Why Do We Perceive Two Tones Simultaneously In Xoomij Mongolian Traditional Singing? Masashi Yamada
Xoomij is a traditional Mongolian singing style in which a male sings two tones simultaneously. Acoustical analyses and psycho acoustical experiments showed that the following three factors result in two-tone perception for Xoomij: (1) A Xoomij singer use the tongue to create a vocal tract which results in a large degree of resonation for a higher component of the glottal sound. (2) The amplitude of the emphasized component is deeply modulated, whereas the other components remain stable. (3) The nature of the high tone melody is such that the component currently being emphasized was not done so previously. Such a “new comer” stands out in our auditory perceptual system.

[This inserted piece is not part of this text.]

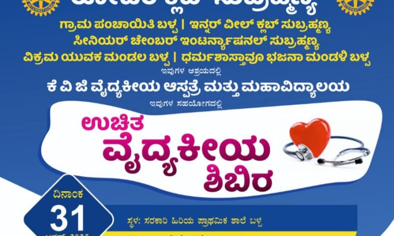 ರೋಟರಿ ಕ್ಲಬ್ ಸುಬ್ರಹ್ಮಣ್ಯ, ಗ್ರಾಮ ಪಂಚಾಯತ್ ಬಳ್ಪ, ಇನ್ನರ್ ವೀಲ್ ಕ್ಲಬ್ ಸುಬ್ರಹ್ಮಣ್ಯ, ಸೀನಿಯರ್ ಚೇಂಬರ್ ಇಂಟರ್ನ್ಯಾಷನಲ್ ಸುಬ್ರಹ್ಮಣ್ಯ, ವಿಕ್ರಮ ಯುವಕ ಮಂಡಲ ಬಳ್ಪ, ಧರ್ಮಶಾಸ್ತಾವೂ ಭಜನಾ ಮಂಡಳಿ ಬಳ್ಪ ಇವುಗಳ ಆಶ್ರಯದಲ್ಲಿ ಕೆ.ವಿ.ಜಿ ವೈದ್ಯಕೀಯ ಆಸ್ಪತ್ರೆ ಮತ್ತು ಮಹಾವಿದ್ಯಾಲಯ ಇವುಗಳ ಸಹಯೋಗದಲ್ಲಿ ಆ.31 ರಂದು ಬಳ್ಪ ಸರಕಾರಿ ಹಿರಿಯ ಪ್ರಾಥಮಿಕ ಶಾಲೆಯಲ್ಲಿ ಬೆಳಿಗ್ಗೆ 9:30 ರಿಂದ “ಉಚಿತ ವೈದ್ಯಕೀಯ ಶಿಬಿರ” ನಡೆಯಲಿದ್ದು, ಸುಬ್ರಹ್ಮಣ್ಯ ರೋಟರಿ ಕ್ಲಬ್ ನ ಅಧ್ಯಕ್ಷರಾದ ಜಯಪ್ರಕಾಶ್.ಆರ್ ಕಾರ್ಯಕ್ರಮದ ಅಧ್ಯಕ್ಷತೆ ವಹಿಸಲಿದ್ದಾರೆ.

(pronounce [Hoomii] or [Huumii]) is a type of traditional singing in
Tran and Guillou proposed the “resonance” theory of Xoomij production : A Xoomij singer use the tongue to divide the vocal tract into two cavities connected by a narrow opening. These two cavities create an extreme degree of resonance, emphasizing a high component of the glottal sound. Thus the emphasized component corresponds to the melody tone. On the other hand, Chernov and Maslov proposed a “double-source theory” of Xoomij production : Using indirect laringoscopy, tomography, etc., they observed a nozzle-like narrowing formed by ventricular vocal folds in the upper portion of the true vocal folds and suggested that the melody pitch was produces by this narrowing, whereas the true vocal folds produced the drone pitch. Several following studies by Japanese researchers presented acoustical evidence that supported the resonance theory and refuted the double-source theory [3, 4]. Finally, Adachi and Yamada determined the three-dimensional shape of a Xoomij singer’s vocal tract using MRI, and synthesized the Xoomij sound using the transfer function of the vocal tract shape. The results of this study showed that the extreme resonance is caused almost totally by the rear cavity, the area from the glottis to the narrowing of the tongue . Although the series of studies described above clarified the production mechanism of Xoomij, only a few studies have been performed investigating the perceptual process.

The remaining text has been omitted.